Take a look at Sweden for example, only two percent of transactions are currently made in cash. Restaurants in New York’s Amazon Go stores are refusing to accept cash and companies are preparing for the future where cash remains mute. The NEXXO projects helping to speed up the transaction with a blockchain-powered solution for smaller firm’s and their customers while being in full compliance with local banks, law enforcement and local governments. Could this actually be real?

Ridding Cash

Ridding the use for cash is something that a lot of countries are already doing. A lot of big global hubs are preparing for a digitised future but could a nation be actually reaching 100 percent.

United States

It seems the United States is going in another direction though.

The United States is looking to introduce laws which would see this kind of store, that rejects cash payments, banned. Hackernoon’s Kirill Shilov has said that the main reason behind this is that they are “promoting racism and elitism”.

Of course, this is a controversial thing to say and as a councilman from the city of Philadelphia, William Greenlee puts it:

“Most of the people who don’t have credit tend to be lower income, minority, immigrants. It just seemed to me, if not intentional, at least a form of discrimination.”

These aren’t just words either as Massachusetts, along with the city of Philadelphia, have already banned stores that are rejecting cash as payment and it won’t be a surprise if New York or New Jersey will impose similar measures.

Even though this new legislation hasn’t been properly introduced yet, a lot of companies have found what could be a potential loophole. As Jim Kenney gave the green light for the change to outlaw stores that outlaws stores that don’t accept cash, a store is still able to use an app-based transaction if a paid membership is required to shop there.


As we mentioned earlier, Sweden is right at the forefront of being a cashless economy. The percentage of cash in circulation in Sweden has significantly fallen, representing less than 1.2 percent of the nation’s GDP.

In fact, only two percent of transactions are made in cash and it is believed that said number will decrease to less than half a percent by next year!

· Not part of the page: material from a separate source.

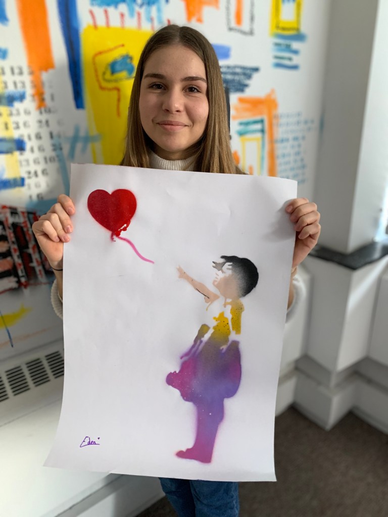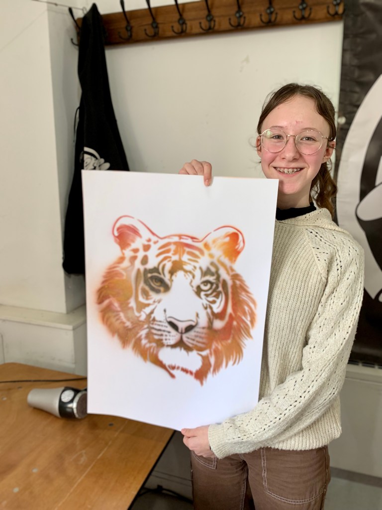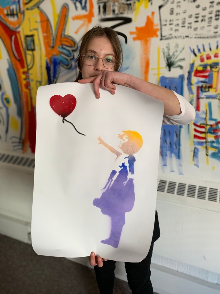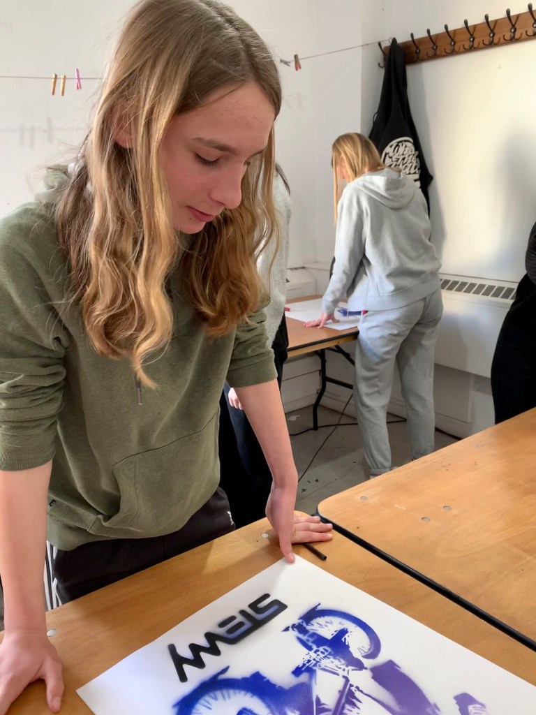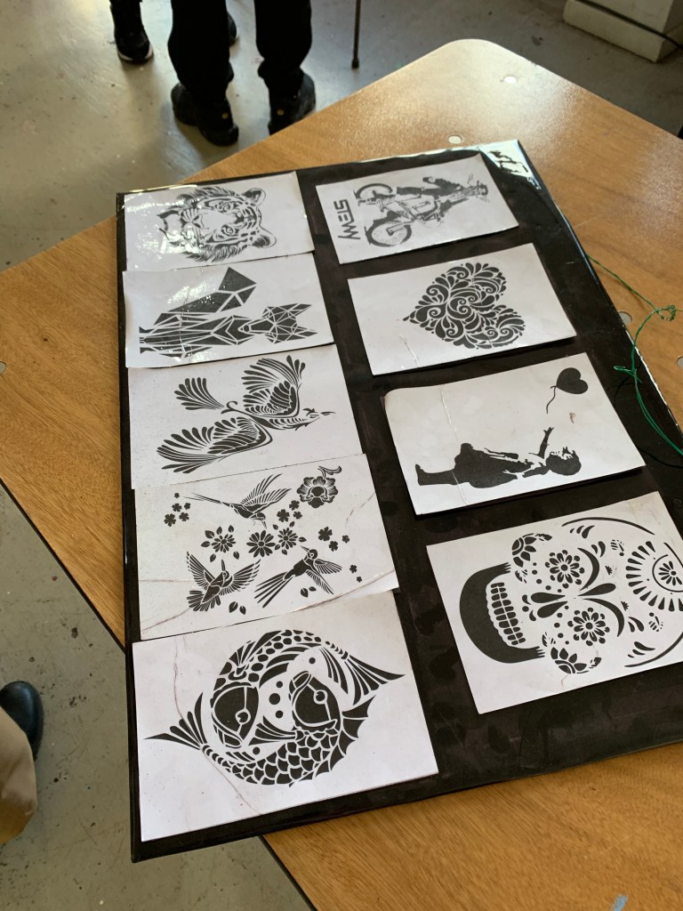 Then we went to create some street art of our own with a workshop on stencil art and a creative street art writing activity.

A professor of economics at the University of California, Rod Garrett explained:

“Cash is really disappearing in Sweden. It’s not accepted at many businesses and many banks won’t deal with cash anymore.”

You may never have been to Sweden but if you have you may have noticed ‘no cash accepted’ signs throughout the nation's variety of stores. There are even big banks that don’t deal with cash any more.

I can’t stress enough how forward thinking the Swedes are in this regard.


Compared to ten years ago a lot of Brits won’t carry as much cash around with them. Maybe a bit of change here and thee for the bus but even then a lot of buses take contactless payments in 2019.

Seven in ten transactions are made digital, without cash. Granted, Sweden is a bit further afield with this but even so, it’s clear they are making progress.

The government might be going through a tough time right now with Brexit but with cashless payments, they have seen the trend and they are pushing towards a cashless future.

I suppose a cashless society isn’t a question of if but when? Debit cards just surpassed their cash equivalent in 2017 so the fight is nearly won.